#### What this task involves:
Please repeat exactly the line containing "From those declines" and each line after it in the records below, through the last.

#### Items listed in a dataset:
..........

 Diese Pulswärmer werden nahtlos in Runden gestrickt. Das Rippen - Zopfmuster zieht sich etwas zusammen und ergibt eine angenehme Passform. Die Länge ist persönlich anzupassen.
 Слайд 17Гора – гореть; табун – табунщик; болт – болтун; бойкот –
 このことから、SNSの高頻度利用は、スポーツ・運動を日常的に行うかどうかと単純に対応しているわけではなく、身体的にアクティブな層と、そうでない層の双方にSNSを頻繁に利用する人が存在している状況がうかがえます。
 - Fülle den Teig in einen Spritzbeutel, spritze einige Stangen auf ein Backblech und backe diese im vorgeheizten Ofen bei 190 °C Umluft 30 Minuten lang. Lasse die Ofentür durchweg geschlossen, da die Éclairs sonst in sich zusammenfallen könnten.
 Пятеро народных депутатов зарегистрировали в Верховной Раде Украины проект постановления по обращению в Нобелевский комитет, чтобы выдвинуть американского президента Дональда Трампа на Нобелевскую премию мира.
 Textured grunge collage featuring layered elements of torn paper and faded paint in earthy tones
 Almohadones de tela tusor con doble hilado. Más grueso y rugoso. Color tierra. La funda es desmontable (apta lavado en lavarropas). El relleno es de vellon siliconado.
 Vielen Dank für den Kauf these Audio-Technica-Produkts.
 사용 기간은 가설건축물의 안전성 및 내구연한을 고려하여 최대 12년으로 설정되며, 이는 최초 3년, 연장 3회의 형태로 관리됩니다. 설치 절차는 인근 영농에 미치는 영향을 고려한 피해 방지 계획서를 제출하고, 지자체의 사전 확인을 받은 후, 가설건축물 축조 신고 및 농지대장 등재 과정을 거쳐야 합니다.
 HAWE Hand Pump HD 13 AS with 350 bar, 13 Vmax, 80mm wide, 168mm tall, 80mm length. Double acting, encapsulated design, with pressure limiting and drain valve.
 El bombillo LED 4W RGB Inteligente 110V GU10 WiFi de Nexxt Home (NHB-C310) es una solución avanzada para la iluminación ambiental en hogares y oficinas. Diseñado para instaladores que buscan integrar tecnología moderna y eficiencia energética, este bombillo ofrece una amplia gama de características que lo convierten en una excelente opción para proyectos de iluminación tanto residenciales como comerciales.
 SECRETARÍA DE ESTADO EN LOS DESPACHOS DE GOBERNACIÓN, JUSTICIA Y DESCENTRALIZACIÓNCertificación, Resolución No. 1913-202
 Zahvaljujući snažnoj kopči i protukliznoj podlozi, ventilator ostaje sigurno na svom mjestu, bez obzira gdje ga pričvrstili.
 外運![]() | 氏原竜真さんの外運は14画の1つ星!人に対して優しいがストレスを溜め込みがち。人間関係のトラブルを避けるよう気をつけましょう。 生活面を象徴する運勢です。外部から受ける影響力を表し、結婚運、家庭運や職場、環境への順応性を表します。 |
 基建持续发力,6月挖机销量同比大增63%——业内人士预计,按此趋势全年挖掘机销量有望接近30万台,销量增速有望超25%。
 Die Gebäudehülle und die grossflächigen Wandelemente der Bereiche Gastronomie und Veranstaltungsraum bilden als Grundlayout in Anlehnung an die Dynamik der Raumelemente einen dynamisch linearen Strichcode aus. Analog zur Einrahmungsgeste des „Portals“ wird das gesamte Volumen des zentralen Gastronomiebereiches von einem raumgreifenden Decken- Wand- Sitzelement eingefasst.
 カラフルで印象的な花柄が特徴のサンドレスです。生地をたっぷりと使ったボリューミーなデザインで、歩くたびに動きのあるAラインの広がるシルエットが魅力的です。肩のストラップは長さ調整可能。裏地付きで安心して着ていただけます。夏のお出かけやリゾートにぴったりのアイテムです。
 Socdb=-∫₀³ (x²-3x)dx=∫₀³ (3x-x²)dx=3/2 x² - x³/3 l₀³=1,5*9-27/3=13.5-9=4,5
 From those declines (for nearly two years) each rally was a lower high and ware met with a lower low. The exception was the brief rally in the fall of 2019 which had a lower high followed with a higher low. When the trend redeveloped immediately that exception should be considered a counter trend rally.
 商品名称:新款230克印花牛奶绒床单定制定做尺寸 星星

..........

#### Result of this task:
 From those declines (for nearly two years) each rally was a lower high and ware met with a lower low. The exception was the brief rally in the fall of 2019 which had a lower high followed with a higher low. When the trend redeveloped immediately that exception should be considered a counter trend rally.
 商品名称:新款230克印花牛奶绒床单定制定做尺寸 星星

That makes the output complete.